У меня задрожали ресницы.
– Папа…
Отец взял меня на руки и быстро зашагал.
– Глаза-то хоть видят?
– Немножечко, пап.
Отец помолчал.
– Непутёвый ты уродился. В меня, что ли?
– Наверно, пап.
– Похоронишь ты свою мать заживо.
– А ты не говори ей, пап.
– Я не скажу. Твоя голова ей всё скажет.
В больнице врач открыл мне правый глаз, и я увидел печальное лицо отца. Врач спросил:
– Видишь?
– А как же.
Открыл второй глаз.
– Видишь?
– Слеза текёт.
– А свет?
– Свет вижу. Жёлтый.
– Счастливо отстрелялся, охотник.
Гринькины тревоги
Болел я до обидного недолго. Все люди болеют как люди, а на мне заживает, как на кошке. Не любит меня хвороба, да и только. Иногда вроде бы и подцепишь грипп, нос уже завалит – дышать нечем. Ещё бы самую малость – и можно в школу не ходить. Так нет. Чихнёшь раза два, высморкаешься как следует – и всё прошло. И голова никогда не болит. Ну что это за голова! Вон у отца чуть ли не через день в висках стучит. А у меня хоть бы разок стукнуло.
И так вот всегда.
Кому охота похворать – не хворает, а кому страсть неохота – из больницы не вылазит.

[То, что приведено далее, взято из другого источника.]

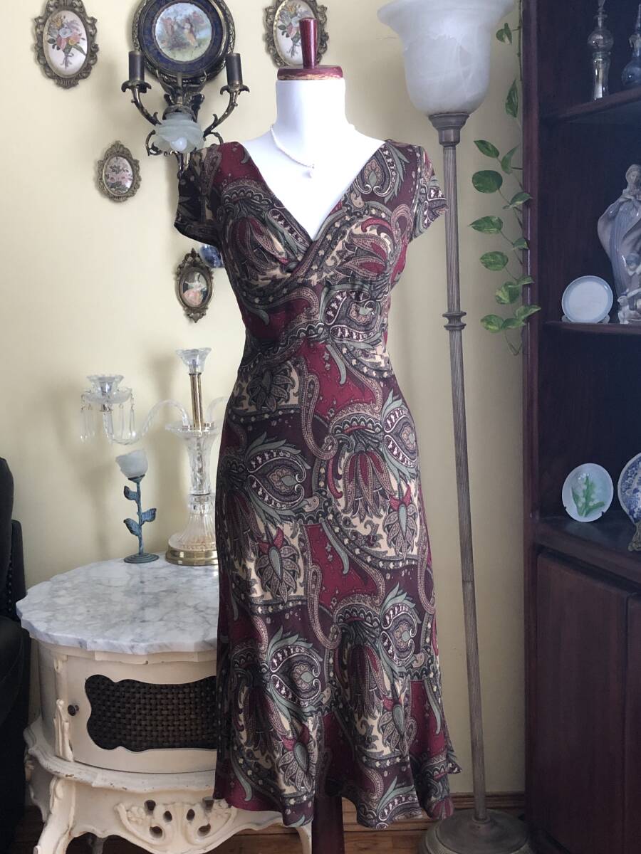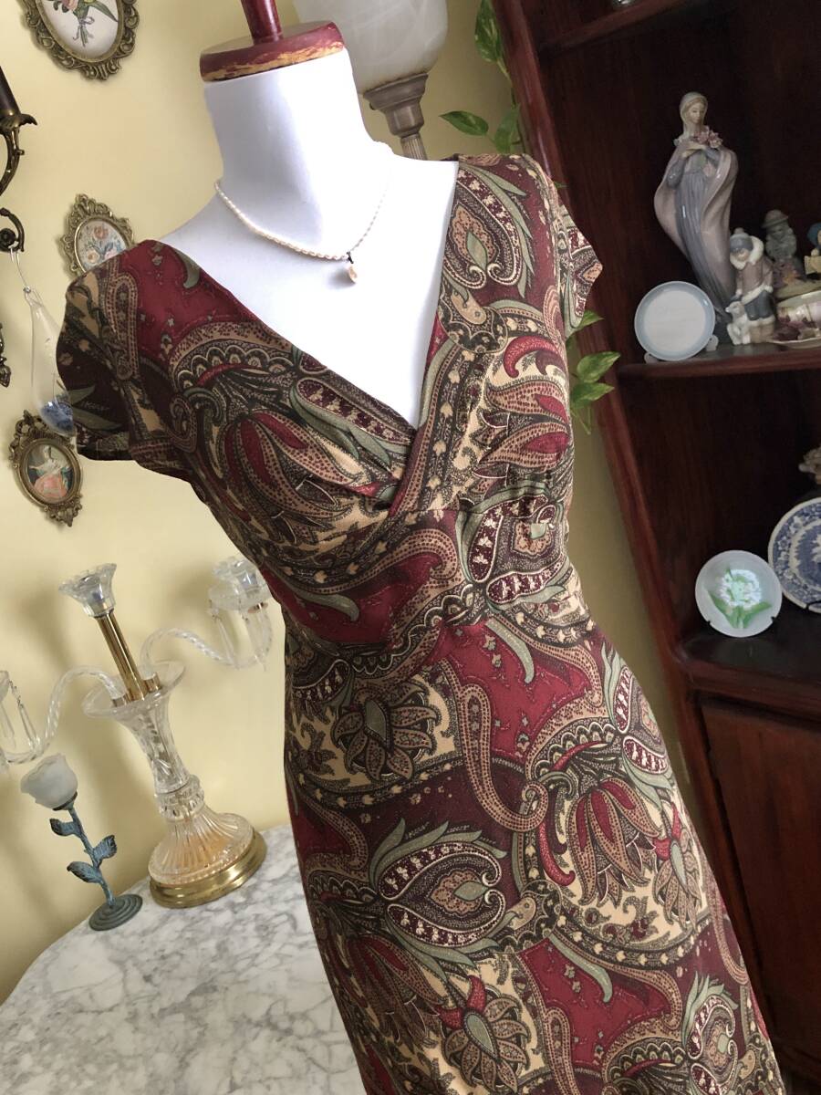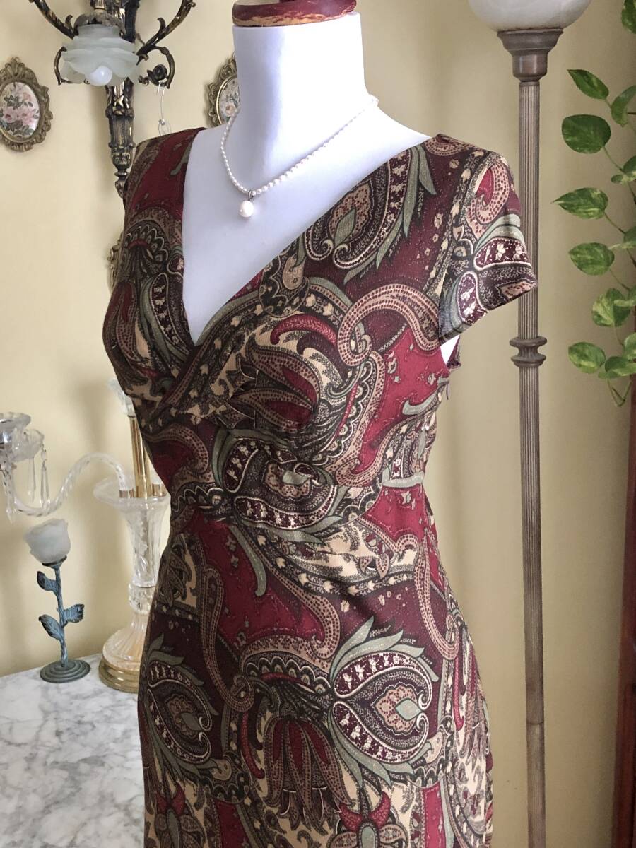 【LOFT】より、素敵なカクテルドレスです。 ワイン地にシックなペイズリー柄が綺麗です。 お胸の下からウエストにかけてベルト切り替えが入っています。 裾に少しフレアーが入ったマーメイドスカートです。 ウールを少し含んだマットで柔らかなレーヨン素材です。 ストレッチスムース素材の裏地が付いています。 左脇ファスナーで開きます。 【状態】中古 大変綺麗な状態のお品です。 【ブランド】LOFT 【サイズ】表示サイズ/ US(アメリカ)4 日本対応サイズ目安/ 9号Mサイズぐらい *個人差がございます。必ず採寸をご参照ください。 【採寸】平置き採寸です。 肩幅38㎝、身幅46cm、ウエスト40cm、着丈108cm(上身丈32㎝+切り替え幅後6㎝+スカート丈70㎝) *ストレッチします 【カラー】ワイン地 【素材】レーヨン96%、ウール4% 【裏地の素材】ポリエステル100% 【着脱】脇ファスナー |

Мать как-то порезала хлебным ножом палец на правой руке, так целый месяц охала. Палец неделю нарывал, неделю прорывался нарыв, а потом прорвался и две недели подживал.
Ежели бы у меня так-то.
Но у меня так не болит. А то бы я весь ходил в болячках.
Однажды, верно, и у меня вскочил чирей. Огромный такой. Но бестолковый. Выскочил не на пальце и не на ноге, а на шее. Нашёл тоже место. Какой от него прок на шее-то? Только учителям в школе радость. Преподаватель по литературе посмотрел тогда на меня и многозначительно изрёк:
– И от фурункулов, оказывается, бывает польза великая.
После урока он подозвал меня к столу и всё внушал, что чирей-де трогать никак нельзя, а резать и тем более. Что яблоку необходимо назреть, тогда оно упадёт само.
Но я не послушался совета и тут же сходил в больницу. Охота больно сидеть на уроках истуканом.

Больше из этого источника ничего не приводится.